Computing and graphing probability values of pearson distributions: a SAS/IML macro

Source Code Biol Med. 2019 Dec 20:14:6. doi: 10.1186/s13029-019-0076-2. eCollection 2019.

Abstract

Background: Any empirical data can be approximated to one of Pearson distributions using the first four moments of the data (Elderton WP, Johnson NL. Systems of Frequency Curves. 1969; Pearson K. Philos Trans R Soc Lond Ser A. 186:343-414 1895; Solomon H, Stephens MA. J Am Stat Assoc. 73(361):153-60 1978). Thus, Pearson distributions made statistical analysis possible for data with unknown distributions. There are both extant, old-fashioned in-print tables (Pearson ES, Hartley HO. Biometrika Tables for Statisticians, vol.
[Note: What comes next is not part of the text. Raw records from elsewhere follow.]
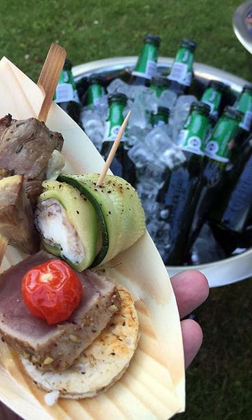 Lounas nautittiin Glyptoteketin takapihalla puutarhakutsujen tyylillä. Bisset kylmässä ja pöydät täynnä pieniä herkkuja. Reissun toinen ja viimeiseksi jäänyt ”perus-Carlsberg”.
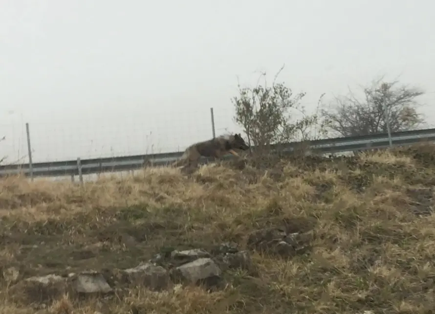 Circulaba nuestro amigo Jairo con su coche por la vía de servicio junto a Santiurde de Reinosa, aneja a la autovía A-67, cuando se le cruzó por delante, primero le sorprendió, pensó que un perro, pero no, un lobo, a plena luz del día y a escasos metros de las viviendas. Guardia Civil de Tráfico esta en el lugar dado que el animal intentó cruzar la autovía, en la segunda imagen y en el video se puede ver el vehículo policial, a los agentes con las armas en la mano y el lobo en el alto, si baja va directo a la autovía.
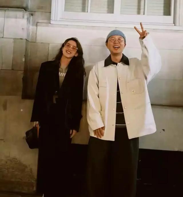 杜海涛带着渔夫帽圆框小眼睛,穿着衬衫笑得眼睛眯成一条缝,和章泽天两人默契的做着比耶的手势对着镜头合影

II. 1972) and contemporary computer programs (Amos DE, Daniel SL. Tables of percentage points of standardized pearson distributions. 1971; Bouver H, Bargmann RE. Tables of the standardized percentage points of the pearson system of curves in terms of β 1 and β 2. 1974; Bowman KO, Shenton LR. Biometrika. 66(1):147-51 1979; Davis CS, Stephens MA. Appl Stat. 32(3):322-7 1983; Pan W. J Stat Softw. 31(Code Snippet 2):1-6 2009) available for obtaining percentage points of Pearson distributions corresponding to certain pre-specified percentages (or probability values; e.g., 1.0%, 2.5%, 5.0%, etc.), but they are little useful in statistical analysis because we have to rely on unwieldy second difference interpolation to calculate a probability value of a Pearson distribution corresponding to a given percentage point, such as an observed test statistic in hypothesis testing.
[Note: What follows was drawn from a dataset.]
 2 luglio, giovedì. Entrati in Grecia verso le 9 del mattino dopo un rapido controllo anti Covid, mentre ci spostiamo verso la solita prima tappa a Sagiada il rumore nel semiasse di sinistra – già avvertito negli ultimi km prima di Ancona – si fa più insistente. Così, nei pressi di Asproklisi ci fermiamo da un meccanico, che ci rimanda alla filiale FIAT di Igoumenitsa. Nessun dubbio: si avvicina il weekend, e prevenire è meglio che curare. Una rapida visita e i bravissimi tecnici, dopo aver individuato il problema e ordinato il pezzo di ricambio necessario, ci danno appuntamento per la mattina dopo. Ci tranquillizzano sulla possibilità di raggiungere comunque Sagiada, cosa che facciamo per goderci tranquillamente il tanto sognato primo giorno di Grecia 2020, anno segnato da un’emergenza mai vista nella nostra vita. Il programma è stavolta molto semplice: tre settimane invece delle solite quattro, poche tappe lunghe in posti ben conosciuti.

Results: The present study develops a SAS/IML macro program to identify the appropriate type of Pearson distribution based on either input of dataset or the values of four moments and then compute and graph probability values of Pearson distributions for any given percentage points.

Conclusions: The SAS macro program returns accurate approximations to Pearson distributions and can efficiently facilitate researchers to conduct statistical analysis on data with unknown distributions.

Keywords: Curve fitting; Distribution-free statistics; Hypothesis testing; Pearson distributions.